I'm considering a code simplification - removing the hash collision slowdown prevention in FrozenHashIndex.
What's the worst that could happen?

Scenario it averts:
- We have two objects with the same hash
- One value has many objects, the other has few
- When we look up the "few-object" value, we get the hash, and have to crawl through all the "many-object" values.

Question: How bad is that scenario on a typical few-million-object case? 
It's a numpy array -- can we do it with SIMD in nanoseconds / a few microseconds?

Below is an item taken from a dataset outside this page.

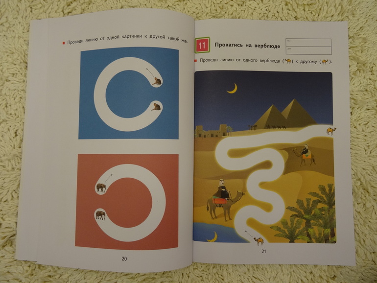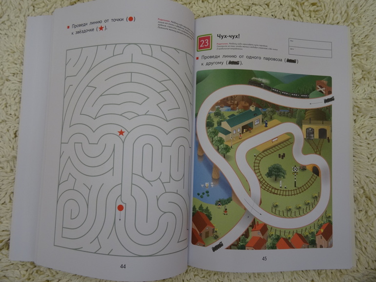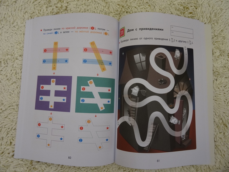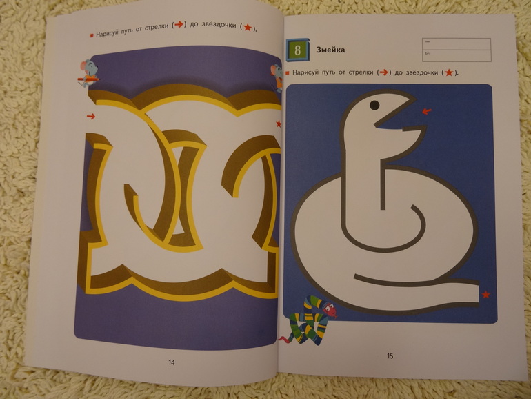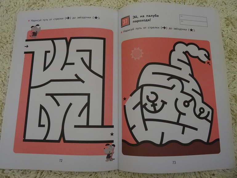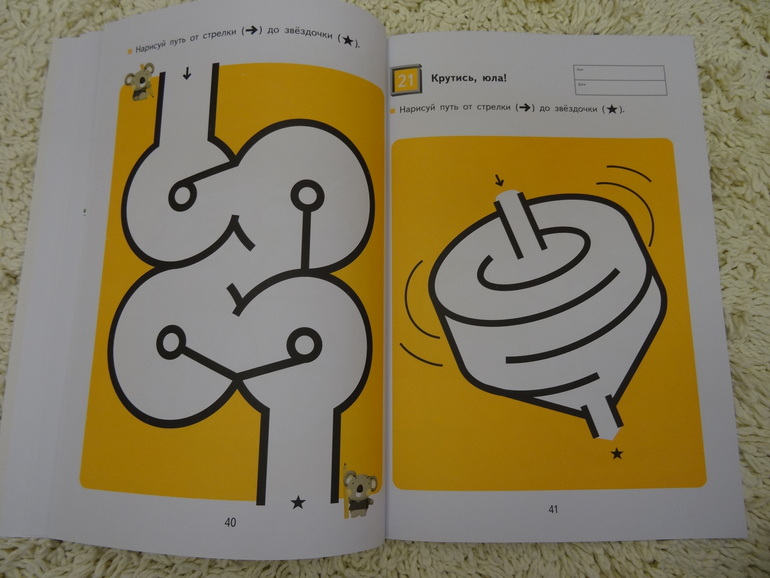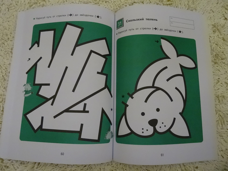 К тому же книга достаточно толстая, как альбом не раскладывается, поэтому элементарно ребенку неудобно чертить дорожки. А если все-таки ее разложить, то странички оторвутся. Сначала меня это расстроило, а потом обрадовало =)

To refine the question further:
 - We have a large numpy array of objects, grouped by value
 - How fast can we find the group of objects with the same value?
"""

In [2]:
import numpy as np

In [4]:
arr = np.array([1]*(10**6)+['abc']*(10**2), dtype='O')
arr

array([1, 1, 1, ..., 'abc', 'abc', 'abc'], dtype=object)

In [11]:
%%timeit -n 5 -r 5
np.where(arr =='abc')
# yeowch!! not that!

14.1 ms ± 653 µs per loop (mean ± std. dev. of 5 runs, 5 loops each)


In [64]:
%%timeit -n 5 -r 5
for index, x in np.ndenumerate(arr):
    if x == 'abc':
        break
# oh no no no. This is bad. OK, we're keeping things as is.

194 ms ± 2.67 ms per loop (mean ± std. dev. of 5 runs, 5 loops each)